We collect and use the following information to provide, improve, and protect our Services:

Account information. We collect, and associate with your account, the information you provide to us when you do things such as sign up for your account, upgrade to a paid plan, and set up two-factor authentication (like your name, email address, phone number, payment info, and physical address). Some of our Services let you access your accounts and your information via other service providers.

Your Stuff. Our Services are designed to make it simple for you to store your files, documents, photos, comments, messages, and so on (“Your Stuff”), collaborate with others, and work across multiple devices. To make that possible, we store, process, and transmit Your Stuff as well as information related to it. This related information includes your profile information that makes it easier to collaborate and share Your Stuff with others, as well as things like the size of the file, the time it was uploaded, collaborators, and usage activity. Our Services provide you with different options for sharing Your Stuff.

Contacts. You may choose to give us access to your contacts to make it easy for you to do things like share and collaborate on Your Stuff, send messages, and invite others to use the Services. If you do, we’ll store those contacts on our servers for you to use.

Usage information. We collect information related to how you use the Services, including actions you take in your account (like sharing, editing, viewing, and moving files or folders). We use this information to improve our Services, develop new services and features, and protect Dropbox users. Please refer to our FAQ for more information about how we use this usage information to improve our Services.

Device information. We also collect information from and about the devices you use to access the Services. This includes things like IP addresses, the type of browser and device you use, the web page you visited before coming to our sites, and identifiers associated with your devices. Your devices (depending on their settings) may also transmit location information to the Services.

Cookies and other technologies. We use technologies like cookies and pixel tags to provide, improve, protect, and promote our Services. For example, cookies help us with things like remembering your username for your next visit, understanding how you are interacting with our Services, and improving them based on that information. You can set your browser to not accept cookies, but this may limit your ability to use the Services. If our systems receive a DNT:1 signal from your browser, we’ll respond to that signal as outlined here.

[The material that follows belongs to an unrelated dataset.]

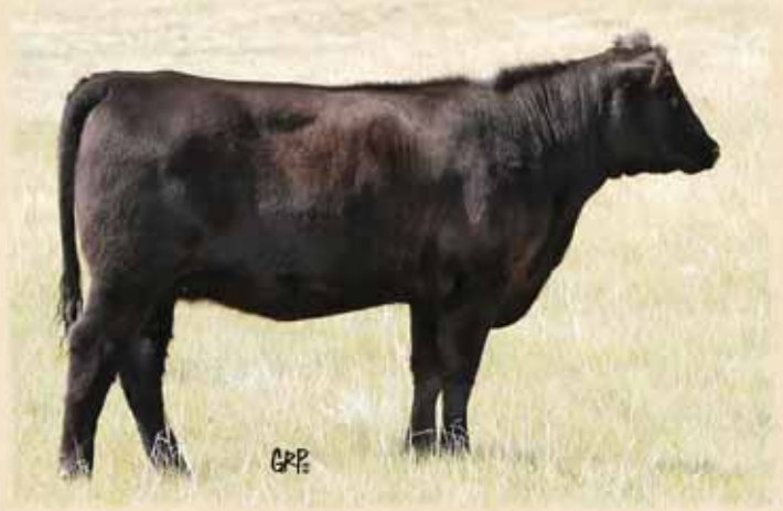
Lot 224 - Ranchers Choice princess 160C

BW: 90 LBS. | Adj. 205D: 744 LBS. EPDs: BW +4.0 | WW +43 | YW +66 | MILK +10 | TM +32 Exposed: May 10 to July 10, 2016 to Sheidaghan Thunder 82B -1790677-
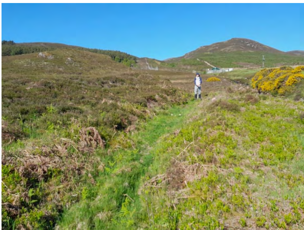
Plate 370: Ditch (Asset 377), facing west

Marketing. We give users the option to use some of our Services free of charge. These free Services are made possible by the fact that some users upgrade to one of our paid Services. If you register for our free Services, we will, from time to time, send you information about upgrades when permissible. Users who receive these marketing materials can opt out at any time. If you do not want to receive marketing materials from us, simply click the ‘unsubscribe’ link in any email, or update your preferences in the Notifications section of your personal account.

We sometimes contact people who do not have a Dropbox account. For recipients in the EU, we or a third party will obtain consent before contacting you. If you receive an email and no longer wish to be contacted by Dropbox, you can unsubscribe and remove yourself from our contact list via the message itself.

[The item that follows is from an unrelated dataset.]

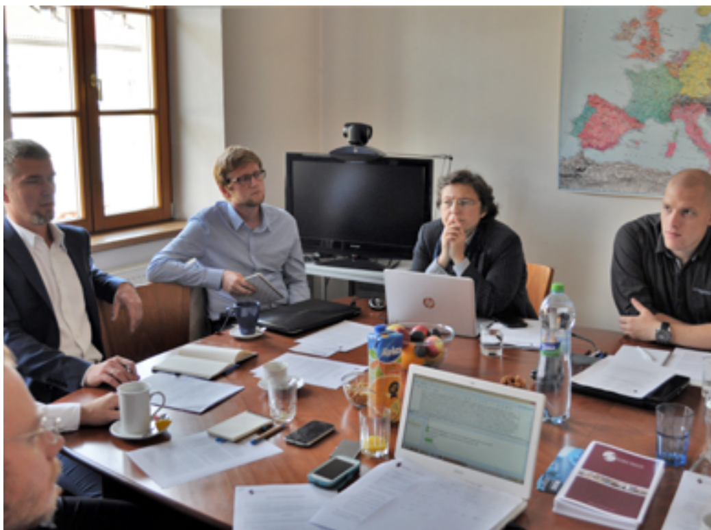
A session in the project „Raising Awareness of Russian Soft Power in Central Europe“

Bases for processing your data. We collect and use the personal data described above in order to provide you with the Services in a reliable and secure manner. We also collect and use personal data for our legitimate business needs. To the extent we process your personal data for other purposes, we ask for your consent in advance or require that our partners obtain such consent. For more information on the lawful bases for processing your data, please see our FAQ.

With Whom

We may share information as discussed below, but we won’t sell it to advertisers or other third parties.

Others working for and with Dropbox. Dropbox uses certain trusted third parties (for example, providers of customer support and IT services) to help us provide, improve, protect, and promote our Services. These third parties will access your information only to perform tasks on our behalf in compliance with this Privacy Policy, and we’ll remain responsible for their handling of your information per our instructions. For a list of trusted third parties that we use to process your personal information, please see our FAQ.

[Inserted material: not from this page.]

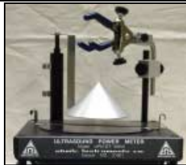
The cone target and transducer positioner. Tank not shown

Other users. Our Services display information like your name, profile picture, device, and email address to other users in places like your user profile and sharing notifications. You can also share Your Stuff with other users if you choose. When you register your Dropbox account with an email address on a domain owned by your employer or organization, we may help collaborators and administrators find you and your team by making some of your basic information—like your name, team name, profile picture, and email address—visible to other users on the same domain. This helps you sync up with teams you can join and helps other users share files and folders with you.

Certain features let you make additional information available to others.

Other applications. You can also give third-party providers access to your information and account—for example, via Dropbox APIs. Just remember that their use of your information will be governed by their privacy policies and terms.

Dropbox Team Admins.  If you are a user of a Dropbox team (e.g., Dropbox Business plans or Dropbox Education), your administrator may have the ability to access and control your Dropbox team account. Please refer to your organization’s internal policies if you have questions about this. If you are not a Dropbox team user but interact with a Dropbox team user (by, for example, joining a shared folder or accessing stuff shared by that user), members of that organization may be able to view the name, email address, profile picture, and IP address that was associated with your account at the time of that interaction.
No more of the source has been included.